A 0.375% CNS dispersion was prepared in N-methylpyrrolidone (NMP) using 3 wt.% CNS material coated with a water soluble polyurethane sizing (PU coated CNS). An appropriate amount of NMP (99.625% of formulation) was weighed into a jacketed beaker and brought to Nanoenclosure (hood) under secondary containment. A suitable amount of PU-coated CNS pellets (0.375%) was added to the NMP and introduced into the solvent. The PU polymer coating on the pellets was ignored in the calculation as it is a very small percentage of the total formulation, i.e. 0.02 wt%. The mixture was covered and brought back to the laboratory with secondary containment. The jacketed vessel was connected to cold water to prevent excessive heat build-up during processing. The mixture was stirred with a standard overhead mixer while an ultrasonic probe was used to provide 0.5kJ/g of energy to the mixture. For a 200g batch scale, the sonication duration was 10 min. The container was then transferred to a hood, where the dispersion was bottled.

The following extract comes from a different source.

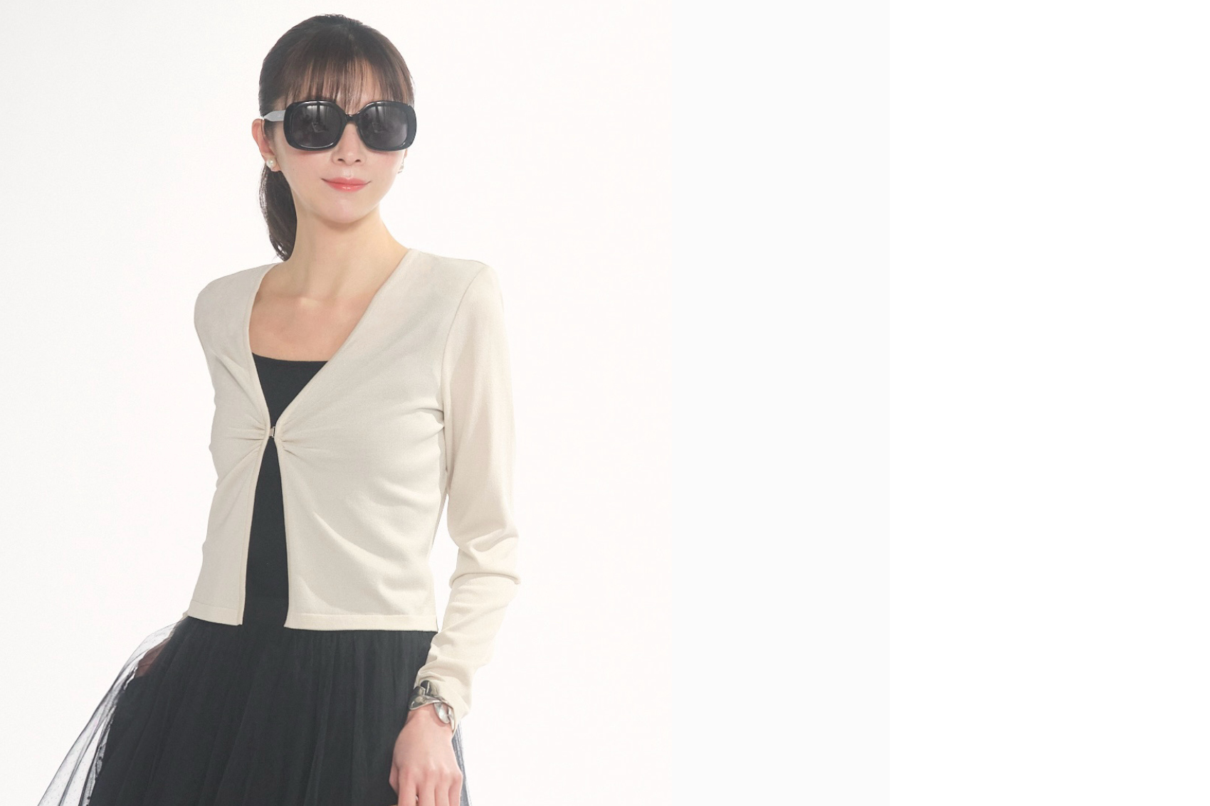 さらさら Knit "Style-Up Cardigan"(Powder Beige)

Example 2: electrode preparation

Formulations were made at 0.25%, 0.5%, 1.0% and 1.5% CNS, using 1.5% PVDF binder (Arkema Kynar HSV 900). The active material is NCM111, i.e., Li_1+x(Ni_0.33Co_0.33Mn_0.33)_1-xO₂(7 μm D)₅₀) Supplied by BASF TODA Battery Materials LLC and having a mass median diameter (D) of 7 microns₅₀). A slurry was prepared by weighing appropriate amounts of CNS dispersion, PVDF binder solution (pre-dissolved in NMP at 10 wt.%), NCM111 powder and NMP. The final solids loading achieved to produce a slurry viscosity sufficient for coating is listed on table 4. The electrode slurry was mixed in one step using a SPEX800 mill and two zirconia media for 30 minutes.

TABLE 4

CNS loading	Total solids of paste
		0.25％	56％
0.5％	41％
		1.0％	26％
1.5％	20％

The electrode slurry was coated on aluminum foil using an automated knife coater (model MSK-AFA-III from MTI corp. NMP was evaporated in a convection oven set at 80 ℃ for 20 minutes. Electrode paste was added at 10mg/cm²Coated and calendered with a hand-operated roller press to a density of 2.8 g/cc.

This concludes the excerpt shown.